_THE PROBLEM_. Repeat each entry word for word. Leave any images out of the copy.

*** RECORDS FOR THE TASK ***

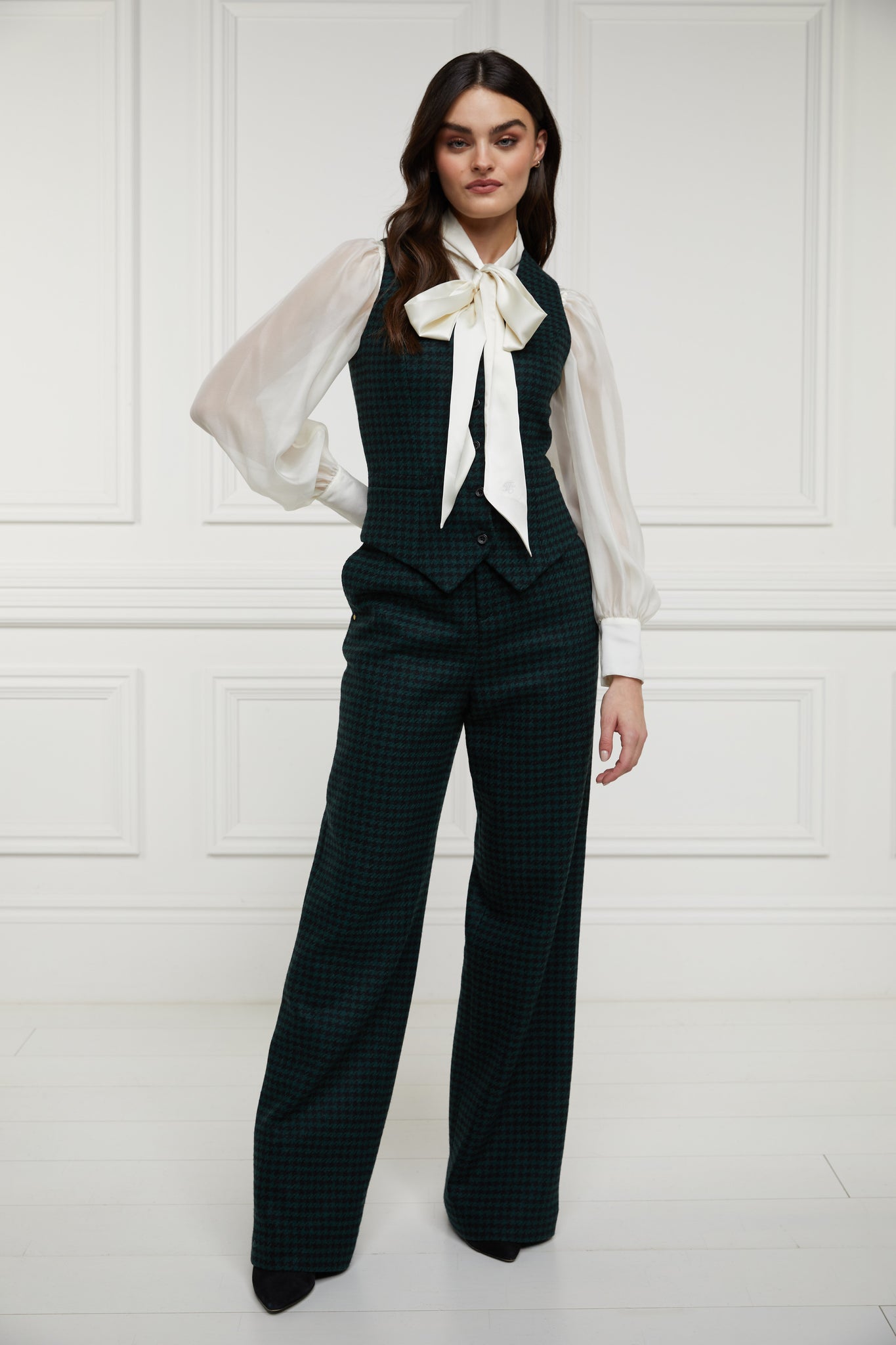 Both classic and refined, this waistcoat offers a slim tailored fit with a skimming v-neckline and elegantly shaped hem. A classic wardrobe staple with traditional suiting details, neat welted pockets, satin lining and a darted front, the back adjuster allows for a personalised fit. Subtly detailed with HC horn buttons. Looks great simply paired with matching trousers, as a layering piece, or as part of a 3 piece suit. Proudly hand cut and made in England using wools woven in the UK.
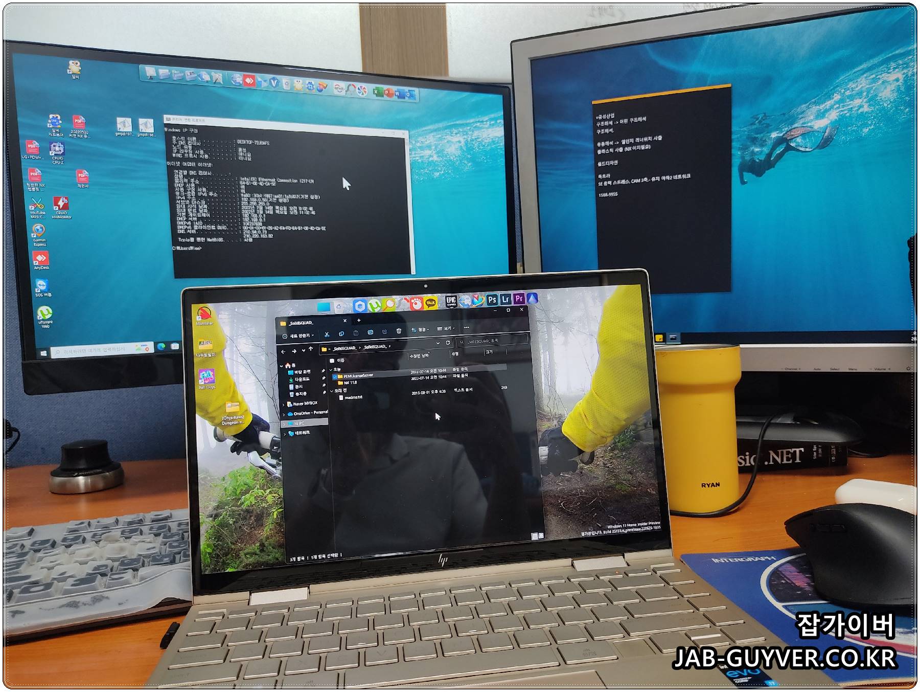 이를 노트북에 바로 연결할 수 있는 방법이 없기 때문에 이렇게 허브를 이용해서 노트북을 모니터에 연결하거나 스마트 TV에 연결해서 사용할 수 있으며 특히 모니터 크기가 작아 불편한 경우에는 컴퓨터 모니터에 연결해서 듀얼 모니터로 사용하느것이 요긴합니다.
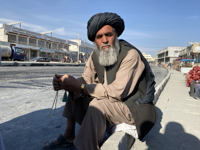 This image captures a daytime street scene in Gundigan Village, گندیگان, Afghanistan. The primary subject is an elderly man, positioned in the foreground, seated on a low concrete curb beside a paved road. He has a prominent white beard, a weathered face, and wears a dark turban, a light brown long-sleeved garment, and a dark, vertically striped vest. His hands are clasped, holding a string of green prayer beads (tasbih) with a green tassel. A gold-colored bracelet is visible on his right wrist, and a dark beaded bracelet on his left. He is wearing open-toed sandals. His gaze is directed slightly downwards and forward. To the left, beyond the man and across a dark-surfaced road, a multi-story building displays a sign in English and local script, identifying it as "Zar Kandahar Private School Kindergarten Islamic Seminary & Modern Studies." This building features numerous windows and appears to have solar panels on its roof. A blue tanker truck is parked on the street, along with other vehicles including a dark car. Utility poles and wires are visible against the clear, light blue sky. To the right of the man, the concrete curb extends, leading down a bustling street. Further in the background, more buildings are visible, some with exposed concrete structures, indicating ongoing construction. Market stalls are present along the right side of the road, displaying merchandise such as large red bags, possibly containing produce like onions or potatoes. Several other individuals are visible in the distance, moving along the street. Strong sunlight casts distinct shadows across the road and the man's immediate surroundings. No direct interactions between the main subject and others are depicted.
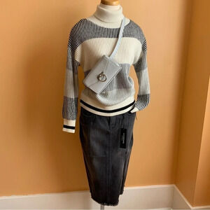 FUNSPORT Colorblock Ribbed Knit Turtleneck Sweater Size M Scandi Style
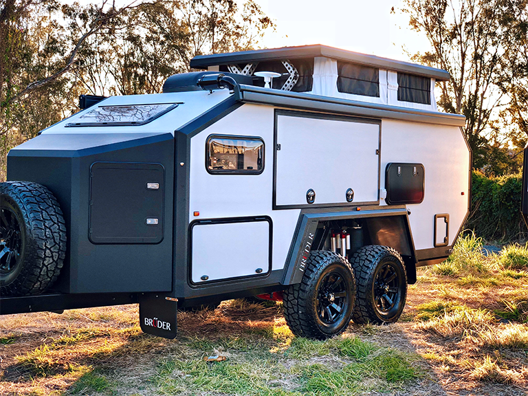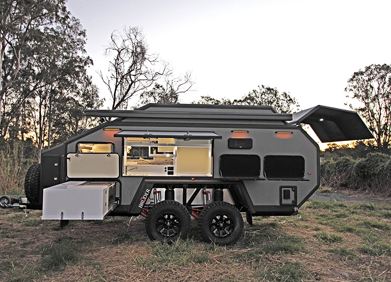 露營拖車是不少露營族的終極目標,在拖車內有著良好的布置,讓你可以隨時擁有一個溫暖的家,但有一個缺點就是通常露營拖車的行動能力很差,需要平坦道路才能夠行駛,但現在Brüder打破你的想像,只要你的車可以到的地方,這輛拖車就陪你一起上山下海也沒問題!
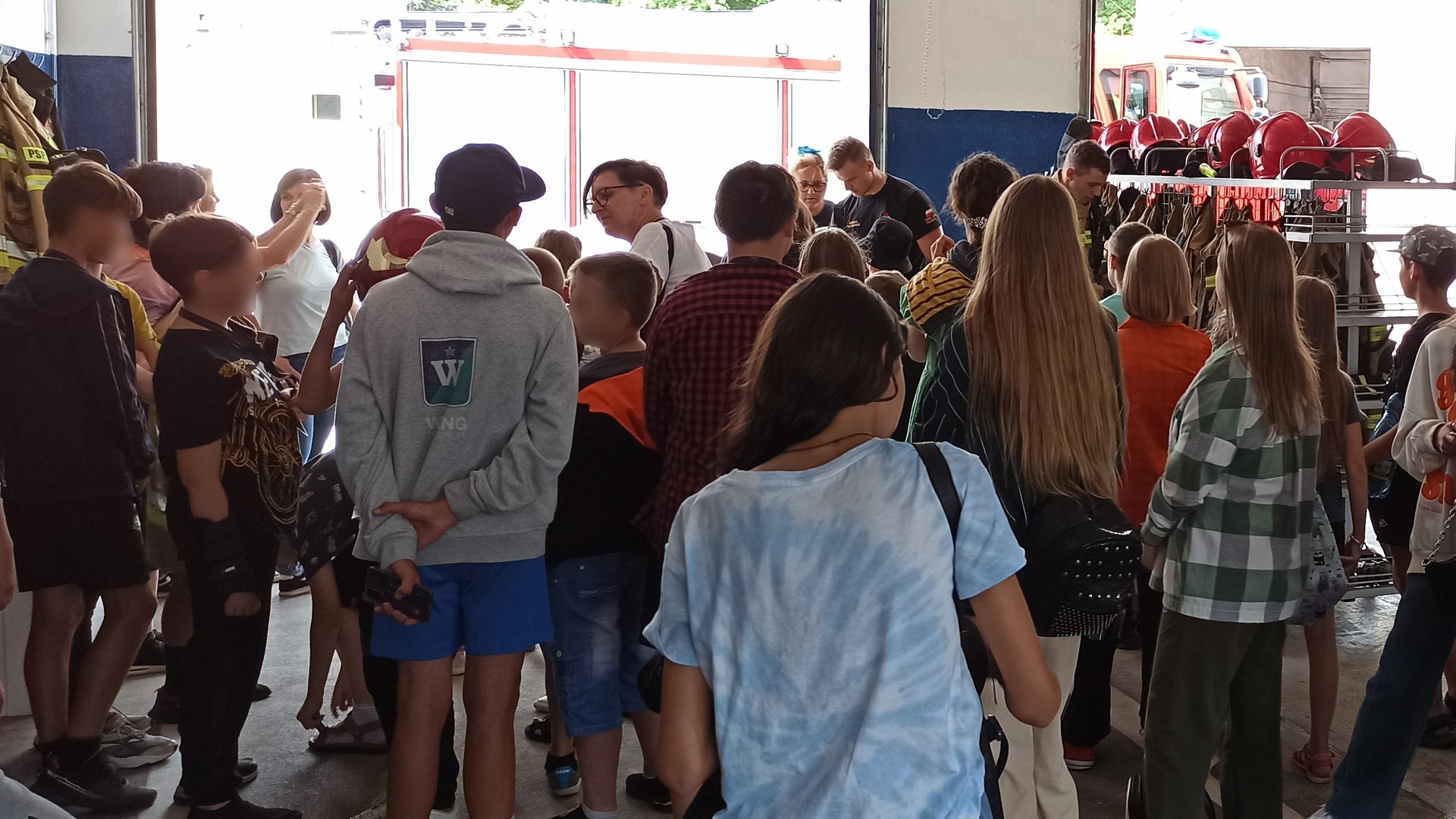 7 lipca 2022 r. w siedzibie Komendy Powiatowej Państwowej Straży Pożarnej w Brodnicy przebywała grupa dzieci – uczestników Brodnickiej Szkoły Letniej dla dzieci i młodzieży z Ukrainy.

*** End of RECORDS FOR THE TASK ***

_RESULT BELOW_.
 Both classic and refined, this waistcoat offers a slim tailored fit with a skimming v-neckline and elegantly shaped hem. A classic wardrobe staple with traditional suiting details, neat welted pockets, satin lining and a darted front, the back adjuster allows for a personalised fit. Subtly detailed with HC horn buttons. Looks great simply paired with matching trousers, as a layering piece, or as part of a 3 piece suit. Proudly hand cut and made in England using wools woven in the UK.
 이를 노트북에 바로 연결할 수 있는 방법이 없기 때문에 이렇게 허브를 이용해서 노트북을 모니터에 연결하거나 스마트 TV에 연결해서 사용할 수 있으며 특히 모니터 크기가 작아 불편한 경우에는 컴퓨터 모니터에 연결해서 듀얼 모니터로 사용하느것이 요긴합니다.
 This image captures a daytime street scene in Gundigan Village, گندیگان, Afghanistan. The primary subject is an elderly man, positioned in the foreground, seated on a low concrete curb beside a paved road. He has a prominent white beard, a weathered face, and wears a dark turban, a light brown long-sleeved garment, and a dark, vertically striped vest. His hands are clasped, holding a string of green prayer beads (tasbih) with a green tassel. A gold-colored bracelet is visible on his right wrist, and a dark beaded bracelet on his left. He is wearing open-toed sandals. His gaze is directed slightly downwards and forward. To the left, beyond the man and across a dark-surfaced road, a multi-story building displays a sign in English and local script, identifying it as "Zar Kandahar Private School Kindergarten Islamic Seminary & Modern Studies." This building features numerous windows and appears to have solar panels on its roof. A blue tanker truck is parked on the street, along with other vehicles including a dark car. Utility poles and wires are visible against the clear, light blue sky. To the right of the man, the concrete curb extends, leading down a bustling street. Further in the background, more buildings are visible, some with exposed concrete structures, indicating ongoing construction. Market stalls are present along the right side of the road, displaying merchandise such as large red bags, possibly containing produce like onions or potatoes. Several other individuals are visible in the distance, moving along the street. Strong sunlight casts distinct shadows across the road and the man's immediate surroundings. No direct interactions between the main subject and others are depicted.
 FUNSPORT Colorblock Ribbed Knit Turtleneck Sweater Size M Scandi Style
 露營拖車是不少露營族的終極目標,在拖車內有著良好的布置,讓你可以隨時擁有一個溫暖的家,但有一個缺點就是通常露營拖車的行動能力很差,需要平坦道路才能夠行駛,但現在Brüder打破你的想像,只要你的車可以到的地方,這輛拖車就陪你一起上山下海也沒問題!
 7 lipca 2022 r. w siedzibie Komendy Powiatowej Państwowej Straży Pożarnej w Brodnicy przebywała grupa dzieci – uczestników Brodnickiej Szkoły Letniej dla dzieci i młodzieży z Ukrainy.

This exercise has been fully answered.